Union \({\bf{A}} \cup {\bf{B}}\) : All elements that are either in in \({\bf{B}}\) (or both).

Intersection \({\bf{A}} \cap {\bf{B}}\) : All elements that are both in \({\bf{A}}\) AND in \({\bf{B}}\).

Distributive laws

\(\begin{array}{l}{\bf{x}} \vee {\bf{(y}} \wedge {\bf{z) = (x}} \vee {\bf{y)}} \wedge {\bf{(x}} \vee {\bf{z)}}\\{\bf{x}} \wedge {\bf{(y}} \vee {\bf{z) = (x}} \wedge {\bf{y)}} \vee {\bf{(x}} \wedge {\bf{z)}}\end{array}\)

Idempotent law:

\(\begin{array}{l}{\bf{A}} \cup {\bf{A = A}}\\{\bf{A}} \cap {\bf{A = A}}\end{array}\)

Commutative laws:

\({\bf{A}} \cup {\bf{B = B}} \cup {\bf{A}}\)and \({\bf{A}} \cap {\bf{B = B}} \cap {\bf{A}}\)

Associative laws:

\({\bf{(A}} \cup {\bf{B)}} \cup {\bf{C = A}} \cup {\bf{(B}} \cup {\bf{C)}}\)and \({\bf{(A}} \cap {\bf{B)}} \cap {\bf{C = A}} \cap {\bf{(B}} \cap {\bf{C)}}\)

Prove or disprove the given statement

(a)

Given: \({\bf{A,B,C}} \subseteq {{\bf{V}}^{\bf{*}}}\)

Where \({\bf{V}}\) is an alphabet.

To proof: \({\bf{A(B}} \cup {\bf{C) = AB}} \cup {\bf{AC}}\)

PROOF

Use distributive law

\(\begin{aligned} A(B \cup C) &= \{ ab\mid a \in A \wedge b \in B \cup C\} \\ & = \{ ab\mid a \in A \wedge (b \in B \vee b \in C)\} \\ &= \{ ab\mid (a \in A \wedge b \in B) \vee (a \in A \wedge b \in C)\} \\ &= \{ ab\mid (a \in A \wedge b \in B) \vee (a \in A \wedge b \in C)\} \\ &= \{ ab\mid (a \in A \wedge b \in B)\} \cup \{ ab\mid (a \in A \wedge b \in C)\} \\ & = AB \cup AC \\ \end{aligned}\)

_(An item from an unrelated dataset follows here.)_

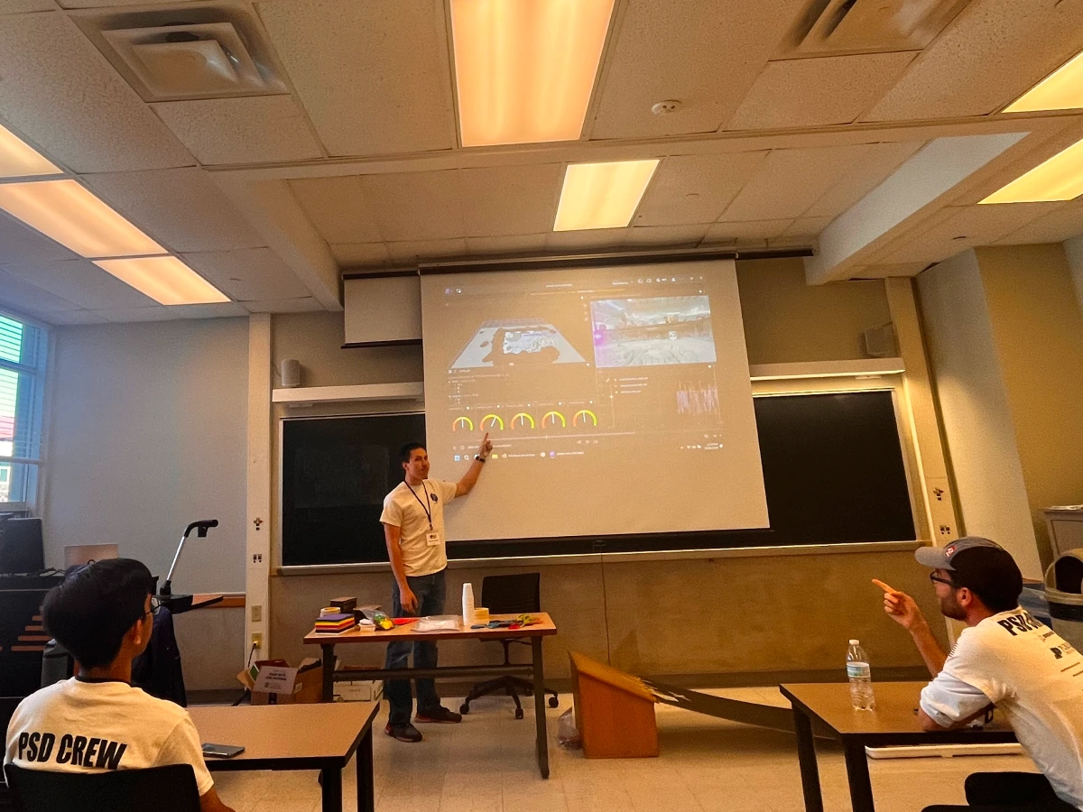 Team members looking at their Foxglove UI on the projected screen.

Therefore, the given \({\bf{A(B}} \cup {\bf{C) = AB}} \cup {\bf{AC}}\) is proved.

Prove or disprove the given statement

(b)

Given: \({\bf{A,B,C}} \subseteq {{\bf{V}}^{\bf{*}}}\)

Where \({\bf{V}}\) is an alphabet.

To proof: \({\bf{A(B}} \cap {\bf{C) = AB}} \cap {\bf{AC}}\)

PROOF

Use associative, idempotent and commutative law

\(\begin{aligned} A(B \cap C) &= \{ ab\mid a \in A \wedge b \in B \cap C\} \\ &= \{ ab\mid a \in A \wedge (b \in B \wedge b \in C)\} \\ &= \{ ab\mid (a \in A \wedge a \in A) \wedge (b \in B \wedge b \in C)\} \\ &= \{ ab\mid a \in A \wedge (a \in A \wedge (b \in B \wedge b \in C))\} \\ \end{aligned} \)

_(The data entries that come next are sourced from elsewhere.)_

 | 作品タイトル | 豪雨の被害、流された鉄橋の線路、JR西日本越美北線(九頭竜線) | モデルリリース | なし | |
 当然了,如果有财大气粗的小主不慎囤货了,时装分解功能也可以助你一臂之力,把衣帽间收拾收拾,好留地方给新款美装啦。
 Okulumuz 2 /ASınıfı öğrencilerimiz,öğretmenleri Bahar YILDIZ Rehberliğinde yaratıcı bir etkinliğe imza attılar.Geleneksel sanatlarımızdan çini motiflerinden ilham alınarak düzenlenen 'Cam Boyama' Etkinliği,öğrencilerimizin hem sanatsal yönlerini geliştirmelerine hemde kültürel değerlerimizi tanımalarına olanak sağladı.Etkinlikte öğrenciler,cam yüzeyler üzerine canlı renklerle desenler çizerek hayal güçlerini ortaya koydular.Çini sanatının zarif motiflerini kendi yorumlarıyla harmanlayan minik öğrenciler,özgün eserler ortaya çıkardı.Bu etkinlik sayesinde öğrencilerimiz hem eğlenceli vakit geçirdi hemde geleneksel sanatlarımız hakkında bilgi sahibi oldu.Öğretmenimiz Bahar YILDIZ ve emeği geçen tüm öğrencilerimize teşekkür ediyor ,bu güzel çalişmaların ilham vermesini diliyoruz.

Further, solve the above expression,

\(\begin{aligned} A(B \cap C) &= \{ ab\mid a \in A \wedge ((a \in A \wedge b \in B) \wedge b \in C)\} \\ &= \{ ab\mid a \in A \wedge ((b \in B \wedge a \in A) \wedge b \in C)\} \\ & = \{ ab\mid a \in A \wedge (b \in B \wedge (a \in A \wedge b \in C))\} \\ & = \{ ab\mid (a \in A \wedge b \in B) \wedge (a \in A \wedge b \in C)\} \\ & = \{ ab\mid (a \in A \wedge b \in B)\} \cap \{ ab\mid (a \in A \wedge b \in C)\} \\ & = AB \cap AC \\\end{aligned} \)

Therefore, the given \({\bf{A(B}} \cap {\bf{C) = AB}} \cap {\bf{AC}}\) is proved.

Prove or disprove the given statement

(c)

Given: \({\bf{A,B,C}} \subseteq {{\bf{V}}^{\bf{*}}}\)

Where \({\bf{V}}\) is an alphabet.

To proof: \(\left( {{\bf{A B}}} \right){\bf{ C = A}}\left( {{\bf{B C}}} \right)\)

PROOF

Use associative law

\(\begin{aligned} (AB)C &= \{ xc\mid a \in AB \wedge c \in C\} \\ & = \{ abc\mid (a \in A \wedge b \in B) \wedge c \in C\} \\ &= \{ abc\mid a \in A \wedge (b \in B \wedge c \in C)\} \\ &= \{ ay\mid a \in A \wedge y \in BC\} \\ &= A(BC) \\ \end{aligned} \)

Therefore, the given \(\left( {{\bf{A B}}} \right){\bf{ C = A}}\left( {{\bf{B C}}} \right)\) is proved.

Prove or disprove the given statement

(d)

The statement \({{\bf{(A}} \cup {\bf{B)}}^{\bf{*}}}{\bf{ = }}{{\bf{A}}^{\bf{*}}} \cup {{\bf{B}}^{\bf{*}}}\) is false, with you will justify with a counter example.

Counter example:

Let \({\bf{A = }}\left\{ {\bf{0}} \right\}\) and \({\bf{B = }}\left\{ {\bf{1}} \right\}\). Then note \({\bf{A}} \cup {\bf{B = \{ 0,1\} }}\).

\({{\bf{A}}^{\bf{*}}}\)contains strings with only \({\bf{0's}}\) and \({{\bf{B}}^{\bf{*}}}\) contains only strings of \({\bf{1's}}\). Note that \({{\bf{A}}^{\bf{*}}} \cup {{\bf{B}}^{\bf{*}}}\) contains all bit strings that contain only \({\bf{1's}}\) or only \({\bf{0's}}\), while \({{\bf{(A}} \cup {\bf{B)}}^{\bf{*}}}\) contains all possible bit strings. Thus, it is not the same set.

For example, \(10 \notin {{\bf{A}}^{\bf{*}}} \cup {{\bf{B}}^{\bf{*}}}\)and \(10 \in {{\bf{(A}} \cup {\bf{B)}}^{\bf{*}}}\) as \(10\) is a bit string that does not contain only \({\bf{0's}}\) nor only \({\bf{1's}}\).

Therefore, the given \({{\bf{(A}} \cup {\bf{B)}}^{\bf{*}}} \ne {{\bf{A}}^{\bf{*}}} \cup {{\bf{B}}^{\bf{*}}}\) is disproved.